An introduction and glossary for the requirements drafts

W3C Working Draft 23 December 1999

This version:
Lastest version:
Previous version:
Michael Robin
Jim Larson


The W3C Voice Browser working group aims to develop specifications to enable access to the Web using spoken interaction. This document is part of a set of requirements studies for voice browsers, and provides an introduction and glossary of terms.

Status of this document

This document introduces the requirements for voice browsing as a precursor to starting work on specifications. The requirements are being released as working drafts but are not intended to become proposed recommendations.
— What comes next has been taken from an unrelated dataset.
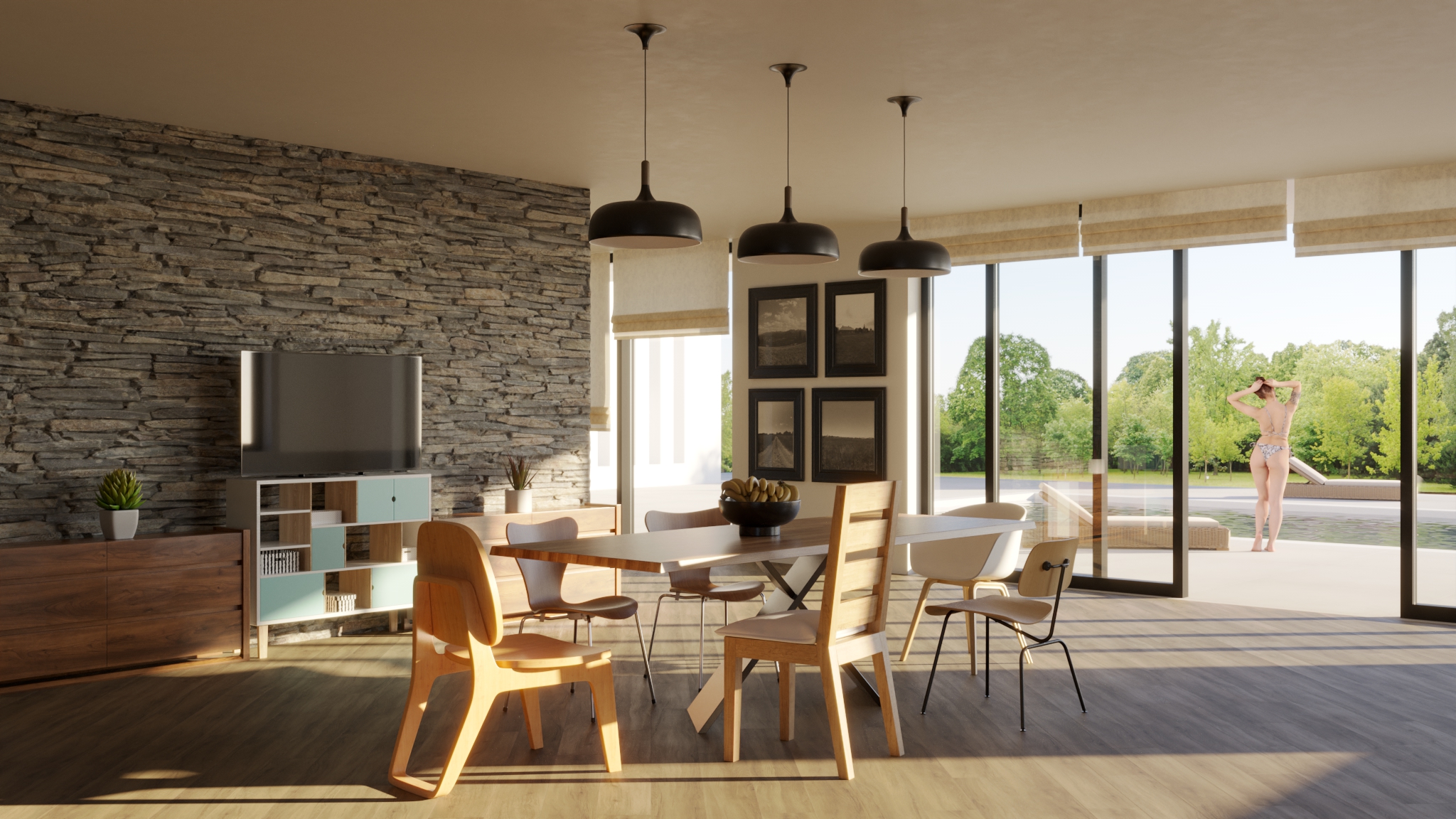 In pratica nella prima immagine, tutti quei piccoli cespugli e le rocce sono 3D (per la vegetazione intendo, poi ovviamente ci sono l'auto, il fabbricato e tutto il resto) ma l'albero e gli alberi che si riflettono nei vetri (come quelli che si vedono all'esterno dalla vista interna) sono piani alpha!

This specification is a Working Draft of the Voice Browser working group for review by W3C members and other interested parties. This is the first public version of this document. It is a draft document and may be updated, replaced, or obsoleted by other documents at any time. It is inappropriate to use W3C Working Drafts as reference material or to cite them as other than "work in progress".
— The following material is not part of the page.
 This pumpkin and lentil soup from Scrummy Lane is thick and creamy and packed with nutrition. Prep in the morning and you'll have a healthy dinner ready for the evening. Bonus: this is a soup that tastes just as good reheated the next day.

Publication as a Working Draft does not imply endorsement by the W3C membership, nor of members of the Voice Browser working groups. This is still a draft document and may be updated, replaced or obsoleted by other documents at any time. It is inappropriate to cite W3C Working Drafts as other than "work in progress."

This document has been produced as part of the W3C Voice Browser Activity, following the procedures set out for the W3C Process. The authors of this document are members of the Voice Browser Working Group. This document is for public review. Comments should be sent to the public mailing list <www-voice@w3.org> (archive) by 14th January 2000.
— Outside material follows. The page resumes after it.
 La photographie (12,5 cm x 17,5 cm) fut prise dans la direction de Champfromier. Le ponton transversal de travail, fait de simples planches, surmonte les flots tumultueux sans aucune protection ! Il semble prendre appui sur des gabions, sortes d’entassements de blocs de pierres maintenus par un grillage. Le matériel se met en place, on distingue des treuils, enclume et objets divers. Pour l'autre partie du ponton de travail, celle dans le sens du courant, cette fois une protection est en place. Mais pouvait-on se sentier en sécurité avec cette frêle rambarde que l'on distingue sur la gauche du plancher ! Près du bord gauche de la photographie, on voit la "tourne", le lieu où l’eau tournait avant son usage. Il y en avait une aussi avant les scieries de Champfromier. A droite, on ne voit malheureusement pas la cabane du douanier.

A list of current W3C Recommendations and other technical documents can be found at http://www.w3.org/TR.


The goal of this document is to provide an introduction to the goals and deliverables of the Voice Browser Working Group. In addition to new summary and introductory material, this document contains excerpts from various other documents (all cited) and edited content from the W3C Voice Browser web site.

Working Group Mission Statement

Far more people today have access to a telephone than have access to a computer with an Internet connection. In addition, sales of cell-phones are booming, so that many of us have already or soon will have a phone within reach wherever we go. In addition, a new class of portable and device-embedded platforms is being introduced that will enable mixed voice, graphical and tactile interactions. Voice browsers offer the promise of allowing everyone to access Internet-based services from any device, making it practical to access services any time and any where, whether at home, on the move, or at work.

It is common for companies to offer services over the phone via menus traversed using the phone's keypad. Voice Browsers offer a great fit for the next generation of call-centers, which will become portals to the company's services and related web sites, whether accessed via the telephone network or via the Internet. Users will able to choose whether to respond by a key press or a spoken command.

Voice browsers allow people to access the Web using speech synthesis, pre-recorded audio, and speech recognition. This can be supplemented by keypads and small displays. Voice may also be offered as an adjunct to conventional desktop browsers with high resolution graphical displays, providing an accessible alternative to using the keyboard or screen, for instance in automobiles where hands/eyes free operation is essential. Voice interaction can escape the physical limitations on keypads and displays as mobile devices become ever smaller.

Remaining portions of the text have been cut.